TASK DETAILS: Output, exactly and with no pictures, the line that contains "Inteligentne oświetlenie nastrojowe" and every line that comes after it in the data below, the last one included.

** DATASET EXCERPTS follows **

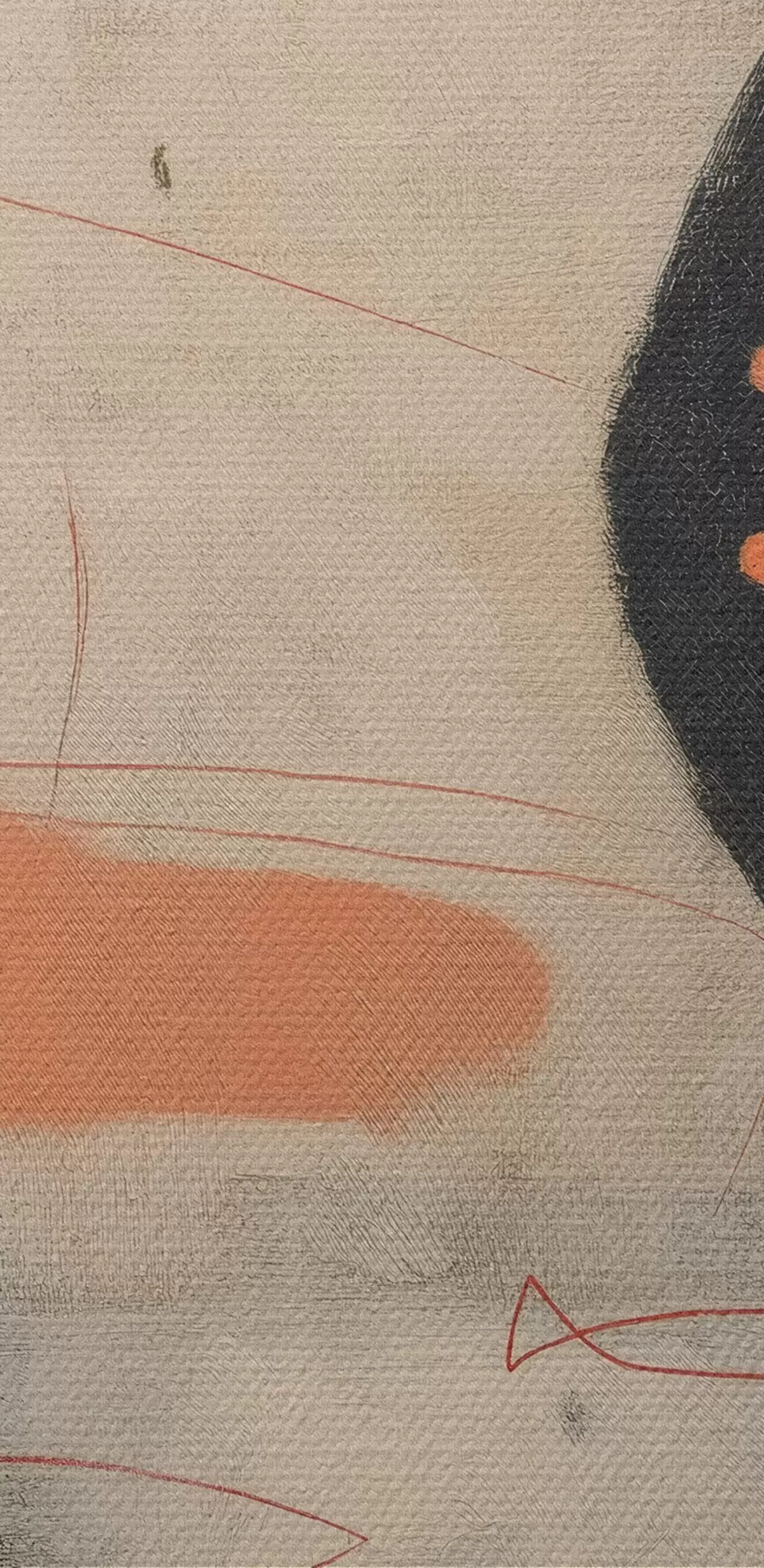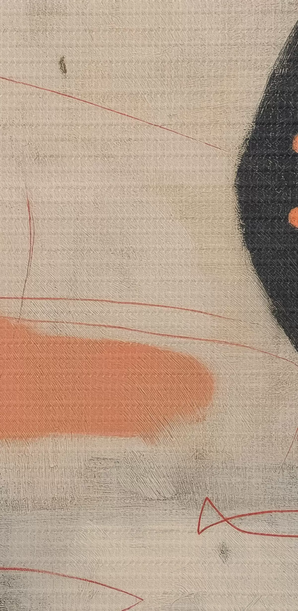 Tableaux rondes Dessin abstrait minimaliste avec des accents noirs et corail Nr r46159
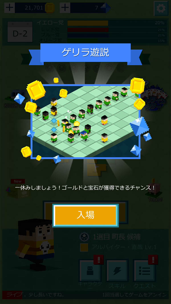 「ゲリラ遊説」「後援パーティー」などのミニゲームで、活動資金のゴールドや宝石をゲットできるよ〜
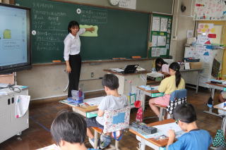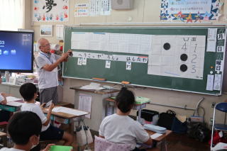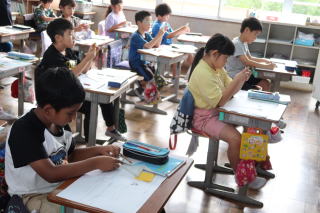 相変わらず暑い日が続きますが、子供たちの学習活動は順調に進んでいます。1年生は、校庭や体育館があまりに高温のため、冷房の効いた教室で体力づくりを行いました。
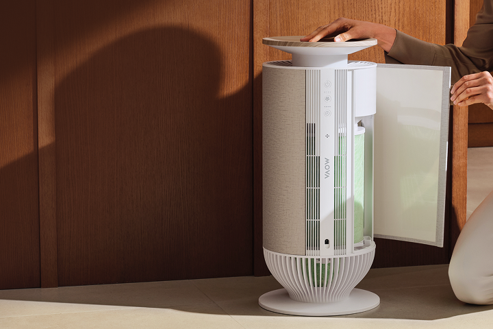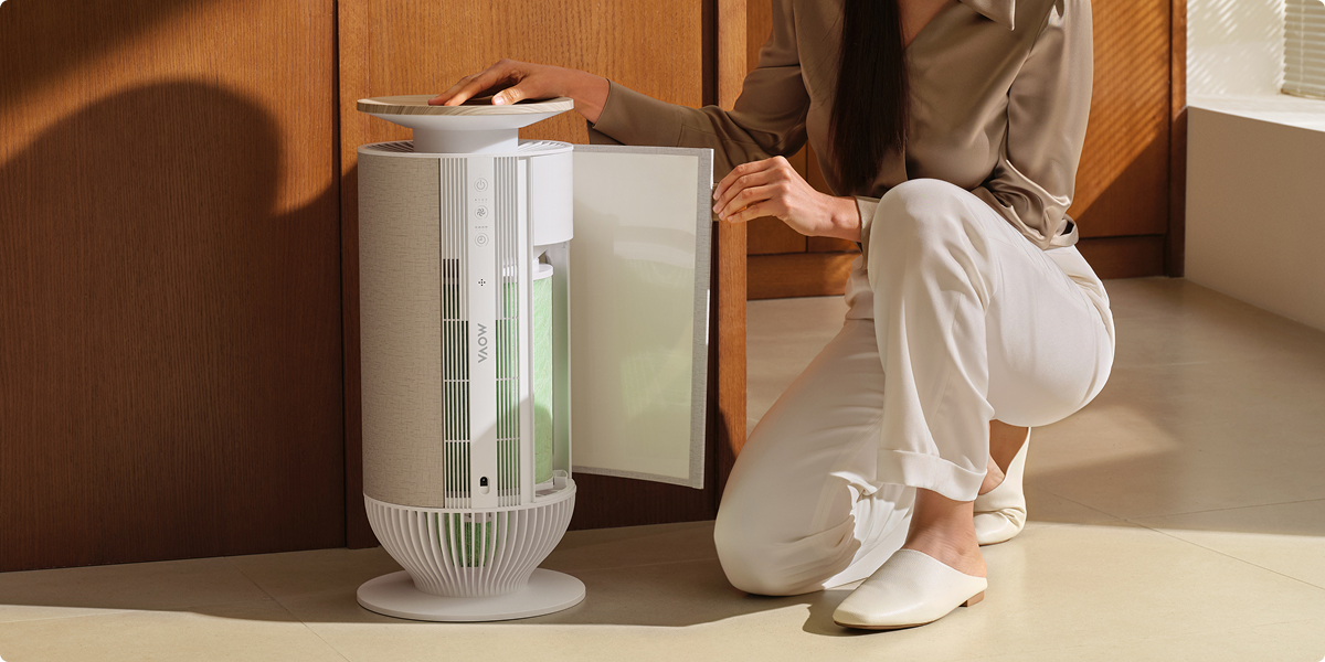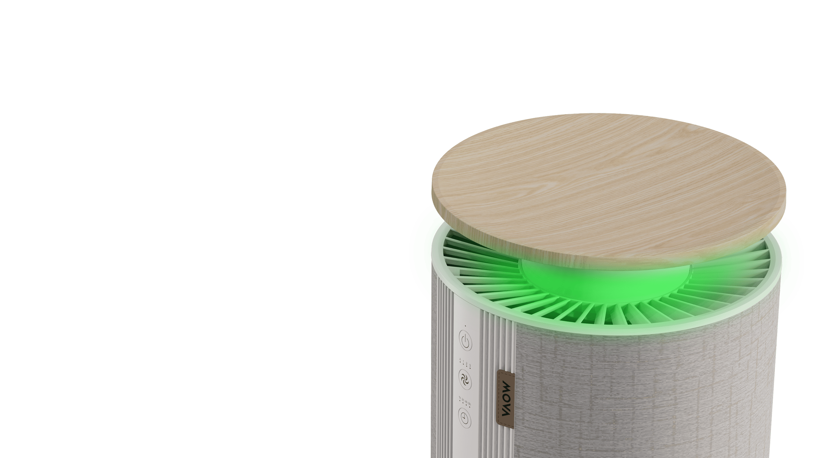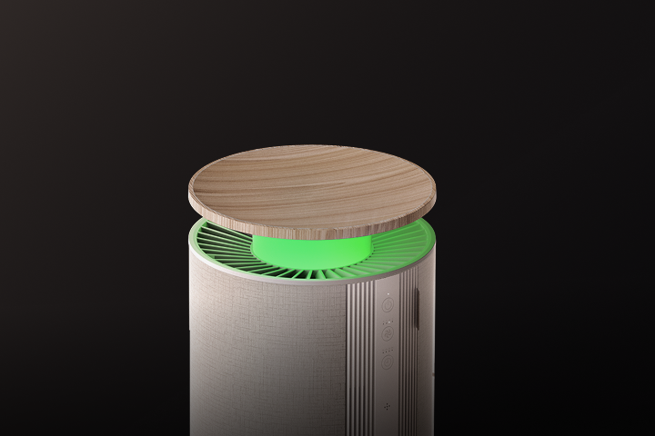 Inteligentne oświetlenie nastrojowe zmienia kolor w zależności od jakości powietrza wewnątrz pomieszczenia: świeci na zielono, gdy powietrze jest czyste, na żółto przy poziomie umiarkowanym, a na czerwono, gdy jakość jest niska. Intuicyjne sygnały wizualne ułatwiają relaks i pozwalają łatwo zarządzać ustawieniami poprzez aplikację.
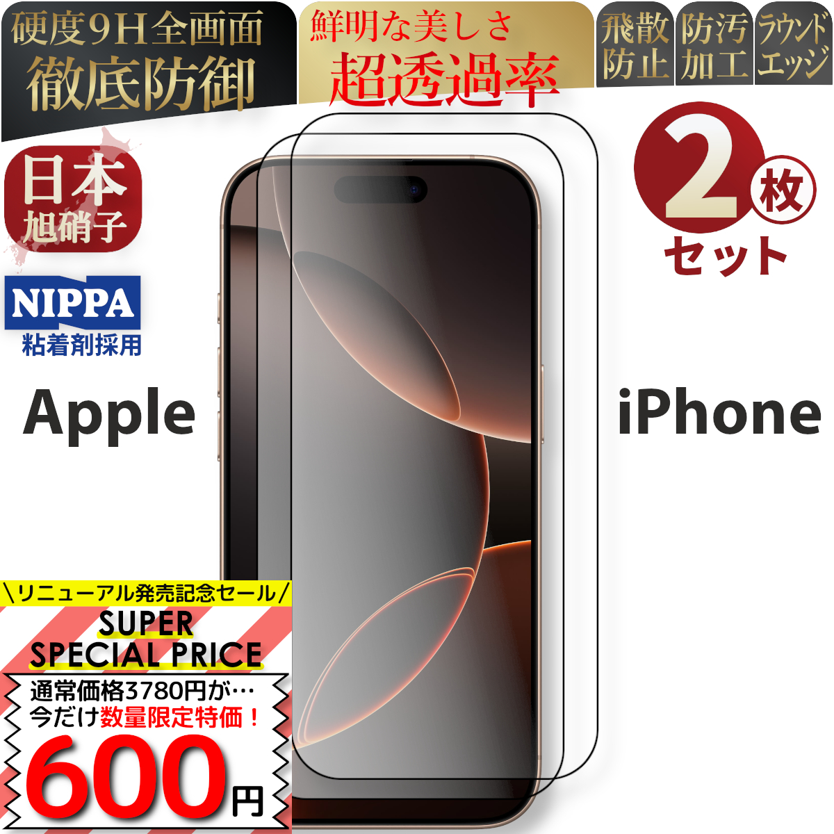 iPhone 全面保護 高品質 ガラスフィルム 2枚セット

** End of DATASET EXCERPTS **

ANSWER BOX:
 Inteligentne oświetlenie nastrojowe zmienia kolor w zależności od jakości powietrza wewnątrz pomieszczenia: świeci na zielono, gdy powietrze jest czyste, na żółto przy poziomie umiarkowanym, a na czerwono, gdy jakość jest niska. Intuicyjne sygnały wizualne ułatwiają relaks i pozwalają łatwo zarządzać ustawieniami poprzez aplikację.
 iPhone 全面保護 高品質 ガラスフィルム 2枚セット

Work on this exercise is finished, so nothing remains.